A 3/4" roundover will round the edge completely. 

Using the router in the conventional way, like this guy:








... won't work because you won't have any material for the bearing to ride on. So, you'll have to turn the router on edge (scary), use a table with a fence, or clamp on a straightedge.

Most of us don't do complete roundovers (waterfall) often. They're generally not the most attractive edge, particularly on plywood. If you wanted a full bull nose (like a D shape), you have the same problem with not having a bearing surface whether using a 3/8" roundover or an actual bullnose bit.

If you're just looking for an "eased" edge, I'd just use a 1/8" to 1/4" roundover bit on both top and bottom. 

As far as shank size, it depends on the collet in your router.
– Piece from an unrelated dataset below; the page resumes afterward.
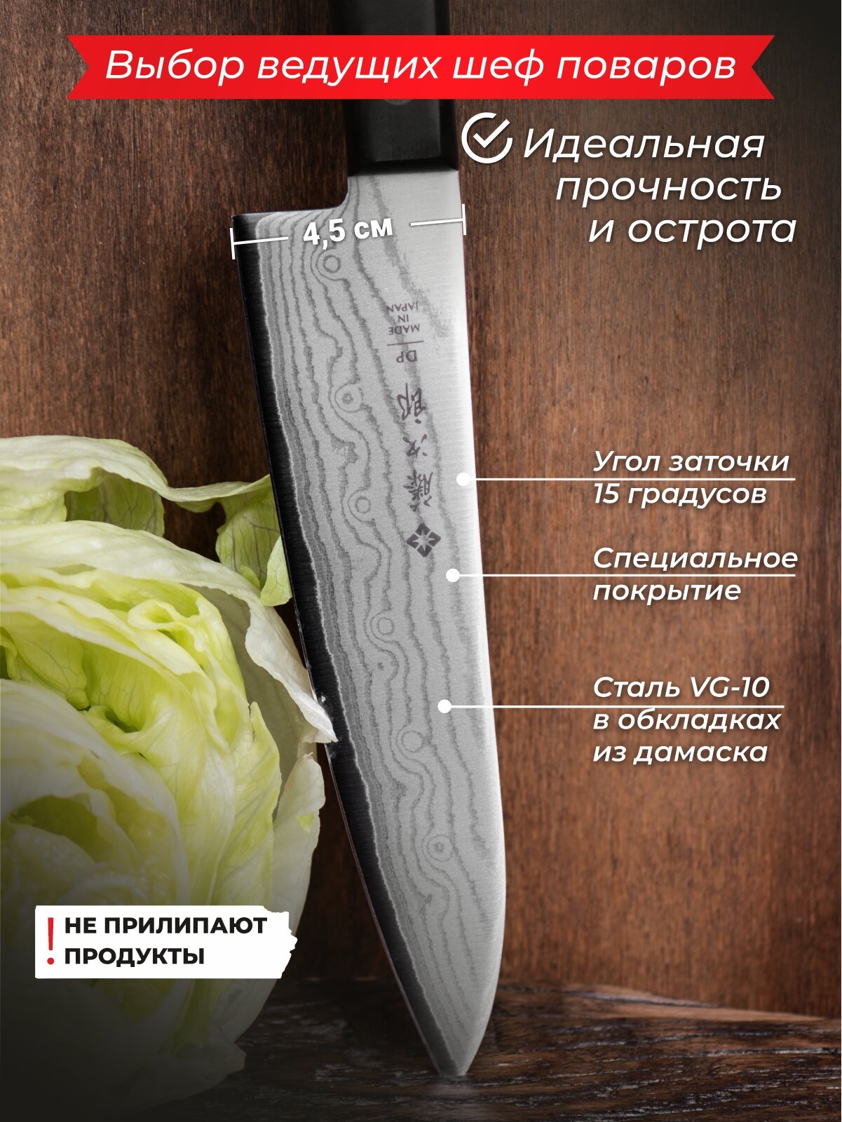 | Плюсы: | Универсальный инструмент, которому под силу любая задача — от нарезки овощей до разделки куриного филе. |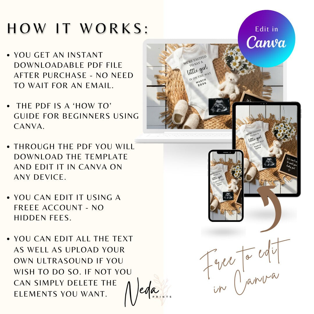 You're pregnant, how exciting!! It's time to share the news with friends and family and this baby announcement mockup is the cutest and quickest way to so. The template is made in Canva so all you need to do is create a free account and your ready to edit your invite.

It will be either 1/4" or 1/2" and could have been changed at some point, so you'll have to check it. Probably 1/4".


----------



## Microscopes (Jan 3, 2016)

NickDIY said:


> A 3/4" roundover will round the edge completely.
> 
> Using the router in the conventional way, like this guy:
> 
> ...


Extremely informative.

Thank you so so so much!


----------